Eloping is a great way to have a lovely and meaningful wedding at a very low cost, esp. considering your family situation. However, you shouldn’t do it until you can sustain yourselves financially. What are you plans for your futures in terms of jobs, etc?
Post # 11
Boyfriend or Best Friend and I are in a similar situation. It’s very hard to wait and be patient, but you need to keep in perspective your future — where do you want to be in 5 years? 10 years? What financial goals do you have for you as a couple? Remember that you are planning a marriage, not just a wedding and that the decisions and habits you start now will continue way past your wedding.

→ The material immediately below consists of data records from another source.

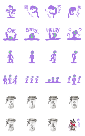 大型連休から生まれた巨大モンスターウルトラ五月病とネガティヴの沼から這い上がったゆかいなネガティヴニンゲンたち、そして五月病によるストレスが溜まったビンが登場!クッキーパーク より発売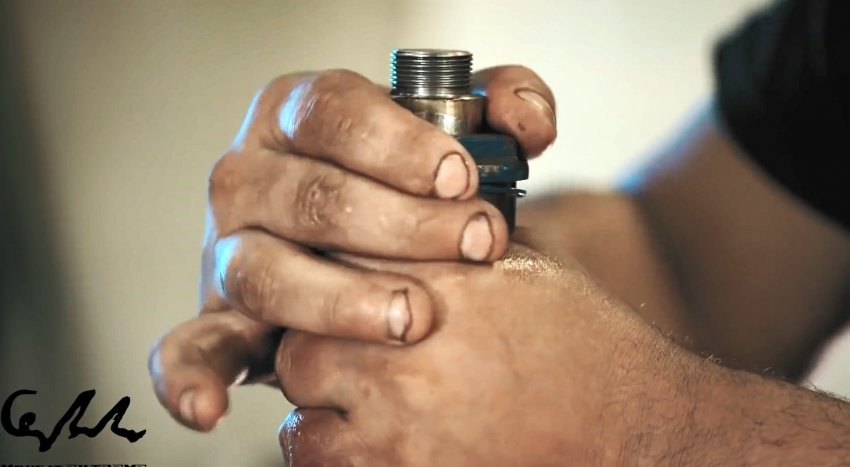 Вставляем удлиненный стержень-поршень в длинный цилиндр, надеваем гайку с уплотнением и затягиваем ее.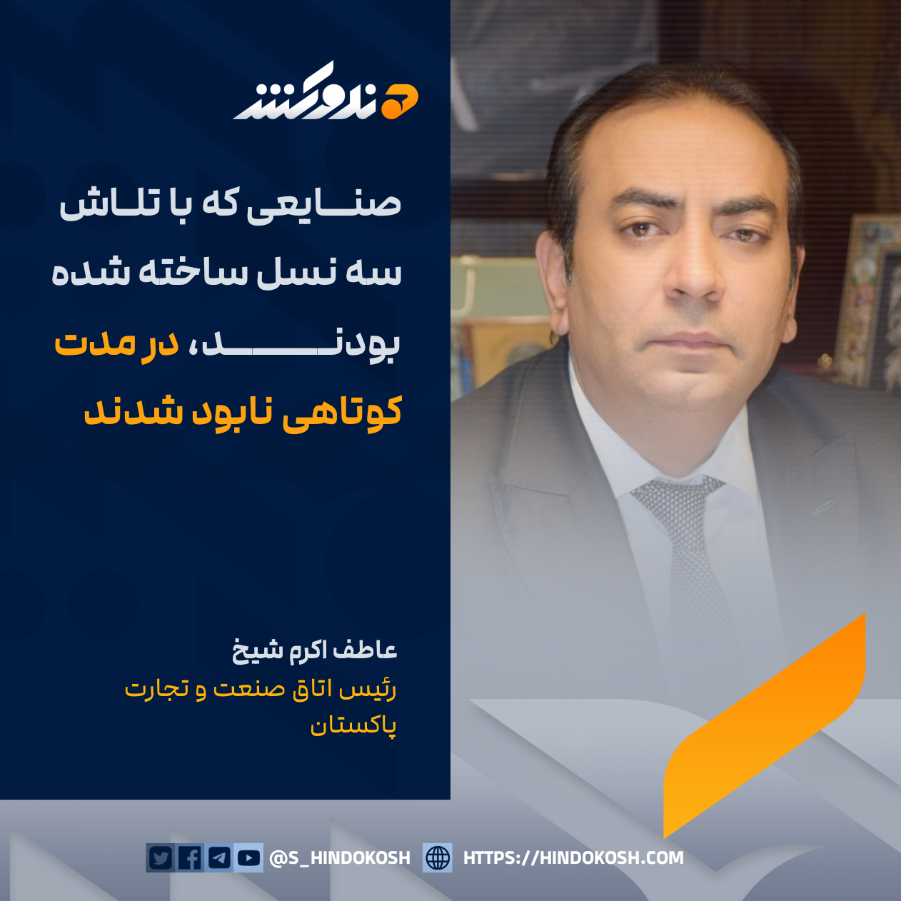 عاطف اکرم شیخ رئیس جدید اتاق صنعت و تجارت پاکستان، در تازهترین اظهارات خود به رژیم پاکستان هشدار داده که صنایعی که با تلاش سه نسل ساخته شده بودند، از بین رفتهاند.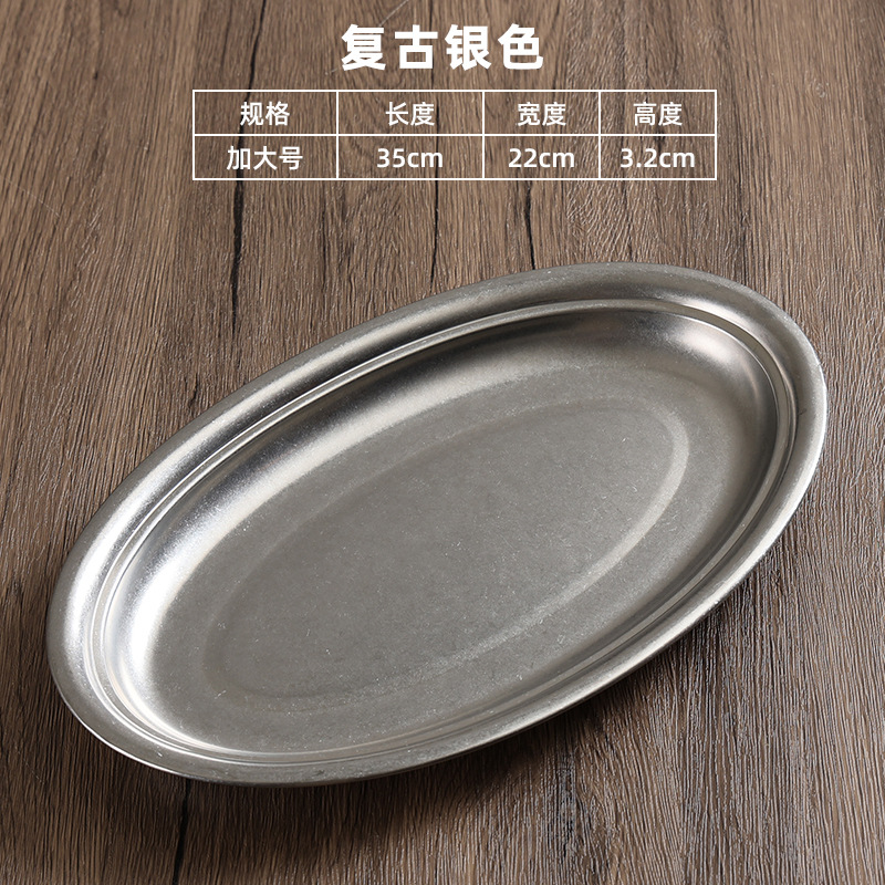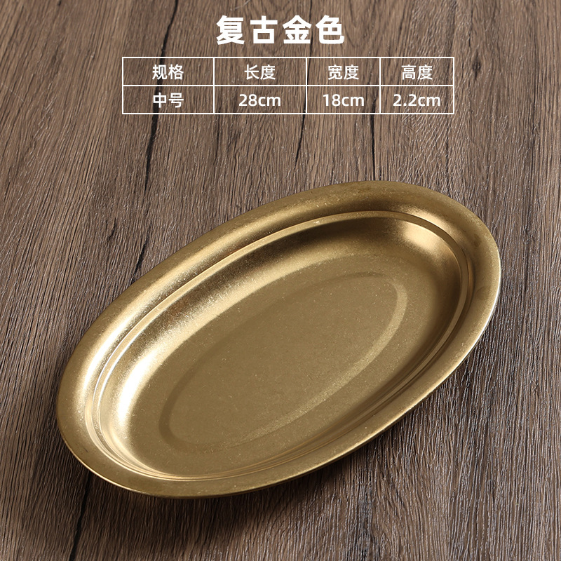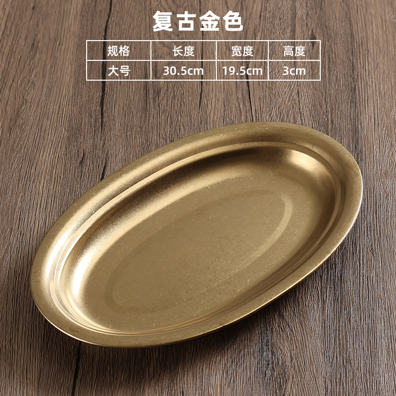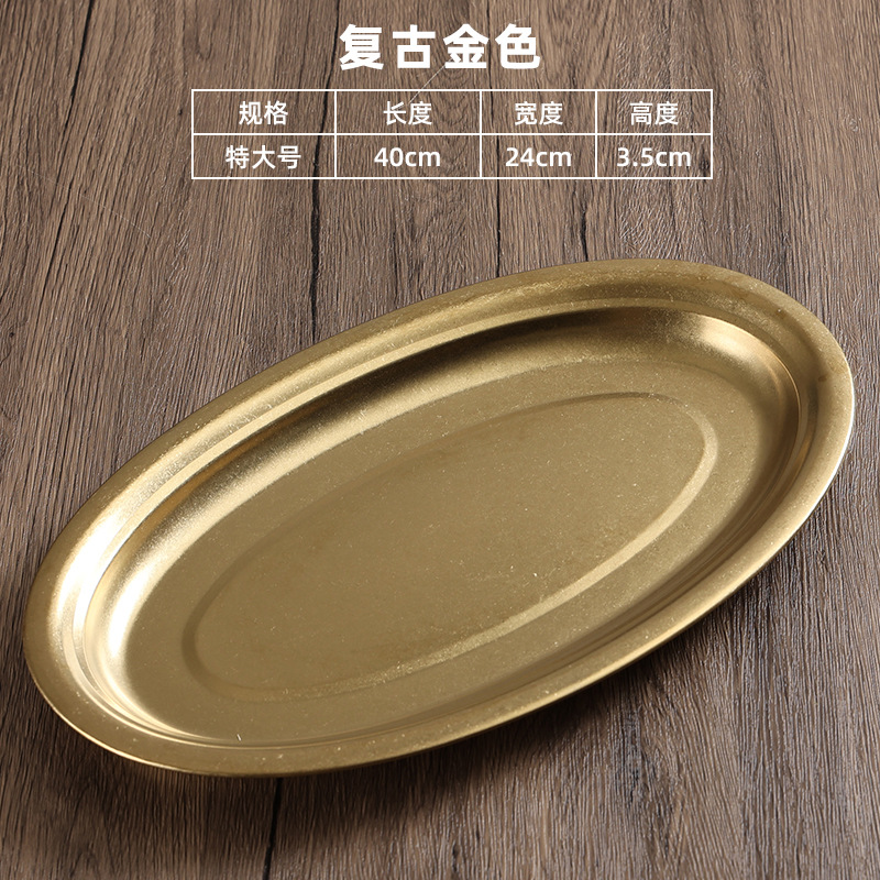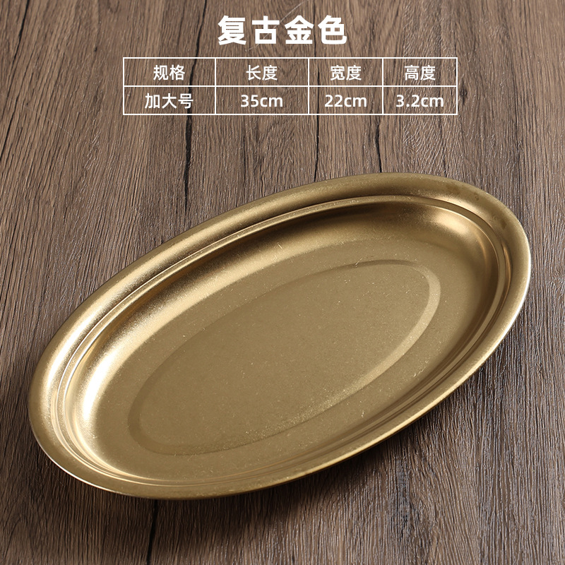 한국 304 스테인리스 타원형 찐 생선 접시 바베큐 접시 창조적 인 황금 데니어 플레이트 차가운 요리 바베큐 접시스토어 가기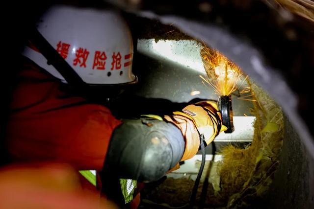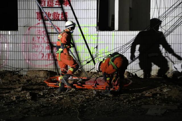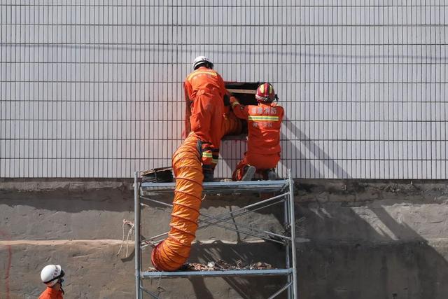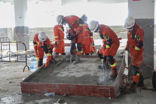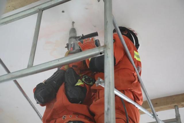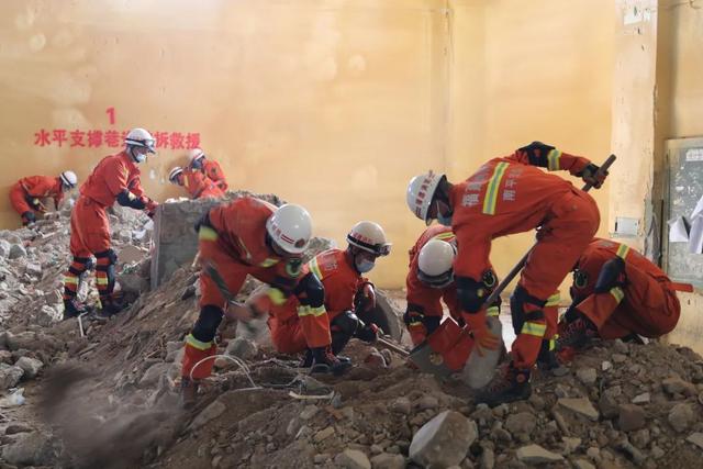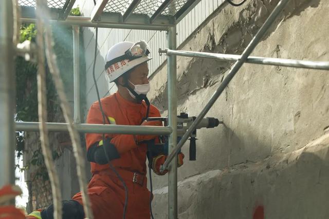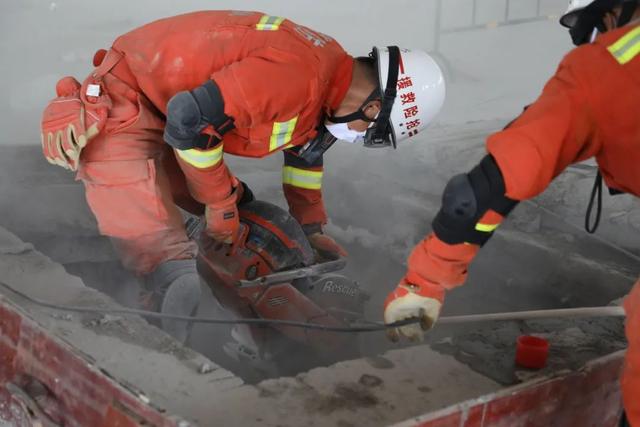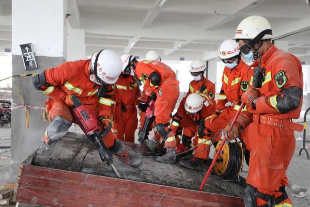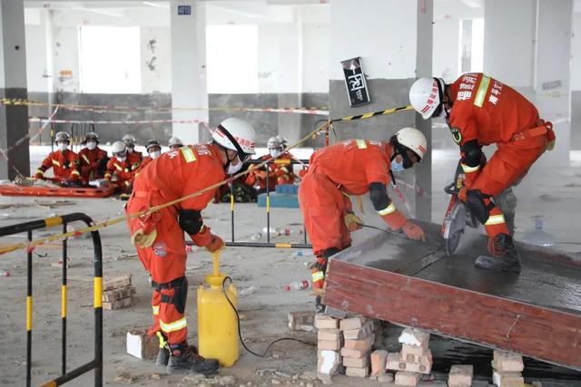 演练假设某工厂厂房发生倒塌,废墟内有1名被困人员。经侦查发现,正面救援通道被堵,救援人员从厂房背面破拆进入,救援过程中,对墙面开裂等不稳定墙体进行支撑保护,对巷道内废墟、建筑构件障碍物进行清理破拆。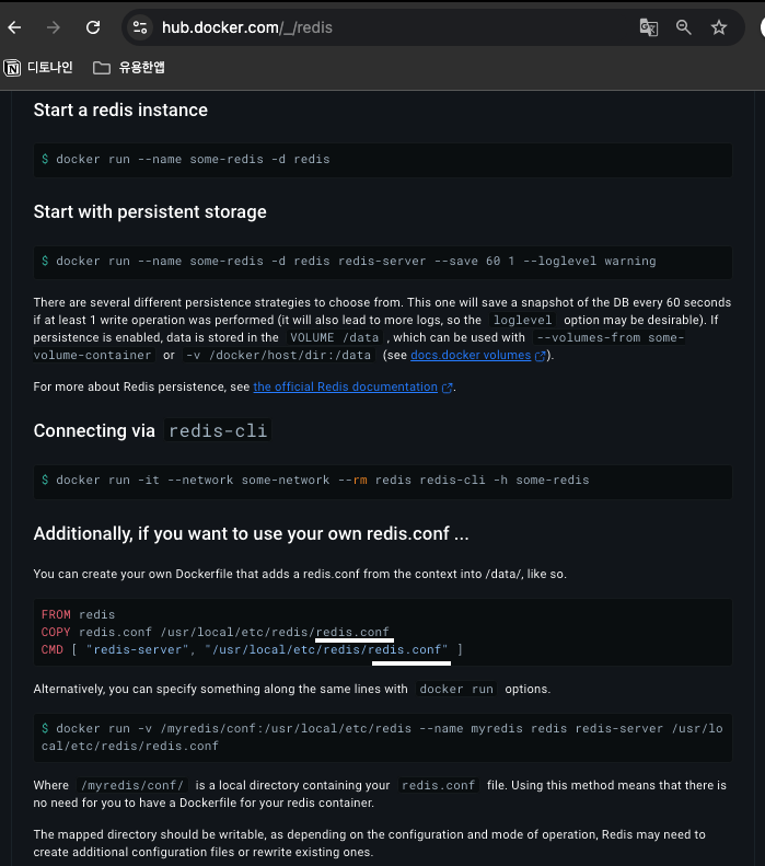 우선 docker hub에서 redis 페이지로 가봅니다.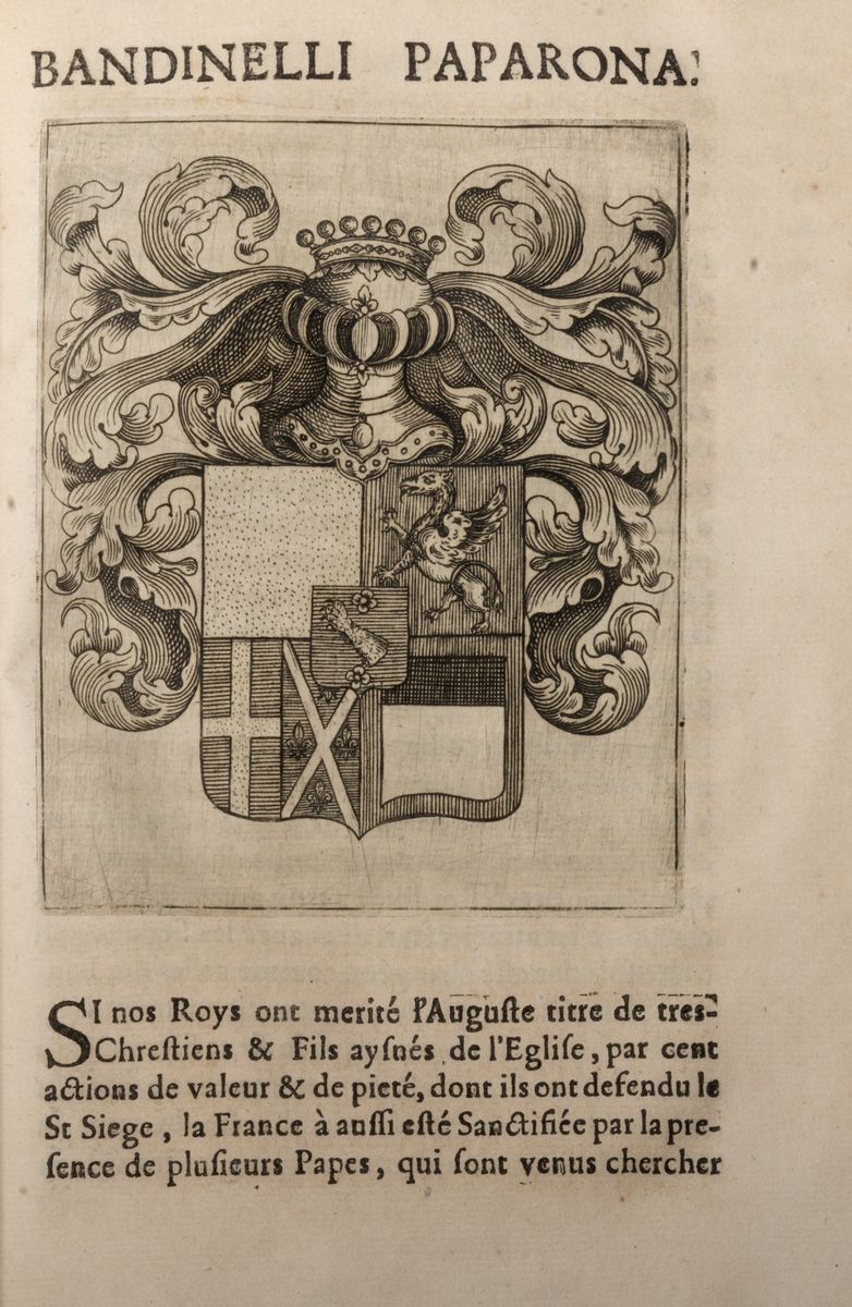 Arles, Francois Mercier, 1658. In 4°. Bella antiporta figurata e 39 grandi stemmi incisi in rame nel testo, rare e lievi fioriture, legatura del sec. XIX in mezza pergamena con ancoli e carta marmorizzata, tassello al dorso con titolo in oro. Ex libris cartaceo al contropiatto.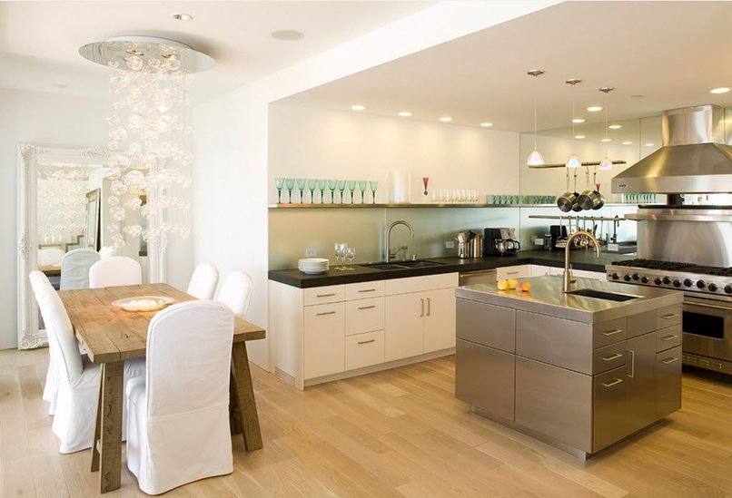 Trong những căn chung cư nhiều tầng thường được thiết kế tiêu chuẩn lỗi thời, về nguyên tắc không cung cấp các không gian rộng rãi. Và điều này được sử dụng khắp nơi trên thế giới. Vì vậy chỉ với chi phí của diện tích sử dụng các phòng khác, bạn có thể đạt được sự mở rộng của nhà bếp trong trường hợp này. Cách phổ biến nhất là loại bỏ các rào cản giữa phòng khách và nhà bếp để kết hợp chúng thành một khu vực chức năng liên tục.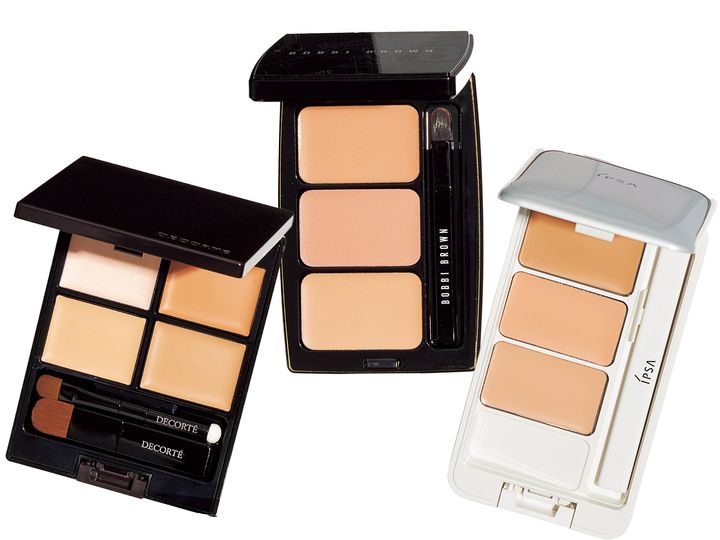左から:ハイライトカラー、オレンジ系、トーン違いのベージュが2 色揃って万能。アレコレ隠したい人に。トーンパーフェクティングパレット 01 ¥4,950(コスメデコルテ)油分を多く含んだなめらかな質感は、広範囲に広がる肝斑などにベストマッチ。スキン タッチアップパレットフェアトゥライト 2 ¥6,380 ※ 4/5 発売(ボビイ ブラウン)やや明るいトーンのベージュの3 色パレット。目まわりに集中する悩みに効果を発揮。クリエイティブコンシーラーe SPF25・ PA+++ ¥3,850(イプサ)

Also make sure that all your decisions are mutual and that you both are comitted to being content with them. Your comment about how you think he might have proposed just to stop talking about being engaged worries me a little… you need to make sure he doesn’t avoid conflict and can stand up for what he thinks is right.
My advice is to sit down and talk about EVERYTHING — finances, financial goals, emotions, timelines, job situations, when he graduates, etc. Hash out a ROUGH timeline of when you BOTH feel that things could happen (don’t get your heart set though!!). Create a budget for your life expenses, plus an additional, realistic wedding budget. Figure out how much you make, how much it’ll all cost, and how long it’ll take you to get there. Then, do what it takes to get there! 🙂
Post # 12
I can sympathize with you about wanting a timeline – I am one of those people who hates not having a plan for the future. Of course, circumstances change, and that plan may have to be adjusted, but it’s frustrating to have no agreement with your partner about the next few years.
What are his plans for the future besides the wedding? What are yours? Is he planning to go back to school and finish that sometime soon? I think if you two talk through this aspect of your future plans first, it may be helpful in figuring out when would be a good time to get married. I think what he’s saying about becoming financially stable before getting married is 100% correct, but how does he plan on doing that? Is he putting away money right now so he can go back to school, for example? If not, will he be able to start doing that in the near future? Are you going to graduate soon and maybe be able to help out more? Would he consider taking out student loans so he can go back to school?
I think these are all important questions and working through them will not only help you get to the timeline you want, but also become more confident about the relationship, since you do have some doubts related to financial issues.
Post # 13
I don’t think this is about money. From your past posts, it sounds like you have been the only one fighting for getting married – against his mom, against your parents, against the FAFSA – and there’s not much in there about why he wants to get married or feels this is the right thing for you as a couple. In fact you’re saying the exact opposite. From what you’ve written, it sounds like he’s saying loud and clear “I DO NOT WANT TO GET MARRIED.” He’s the only one who can answer the questions you have about where your relationship is headed.